Earthen piles built by a chicken-like bird in Australia aren’t just egg incubators — they may also be crucial for the distribution of key nutrients throughout the ecosystem.
But malleefowl — found throughout western and southern Australia — also perturb the soil. They and their close relatives are “megapodes,” a group of fowl native to Australasia and the South Pacific that have the unusual habit of incubating their eggs much like alligators do: in a massive pile of rotting compost. Heat from the decaying vegetation — locked in with an insulating sand layer on top — regulates the eggs’ temperature, and the young scratch their way to the surface upon hatching.
In a mallee woodland in rural South Australia, the team selected 12 mounds of varying ages. Each mound had five “microsites” — the mound itself, the ground under a nearby eucalyptus tree and under a faraway tree, and a near and far open patch of ground.
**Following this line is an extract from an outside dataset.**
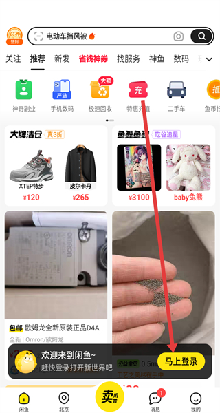 2、在進入到咸魚首頁中,可以點擊下方馬上登錄按鈕,準備開始進行登錄操作。

At each microsite, the team analyzed nutrients in the soil and measured plant cover, abundance of individual plants and the relative cover of leaf litter and bare ground.
The impacts aren’t limited to just the mounds themselves. Even nearby open sites have higher soil phosphorus than far ones, and nearby tree sites less than six years old have more bare ground due to leaf litter harvesting. During the breeding season, malleefowl dig down to a mound nest’s egg chamber, where the female lays an egg before covering it back up. This process is repeated throughout the breeding season.The malleefowls’ impact on nutrient distribution isn’t surprising “given the huge quantity of soil and litter that these birds displace when building their mounds,” says Michelle Louw, a plant ecologist at Germany’s University of Bayreuth who is based in Johannesburg and was not involved with the research.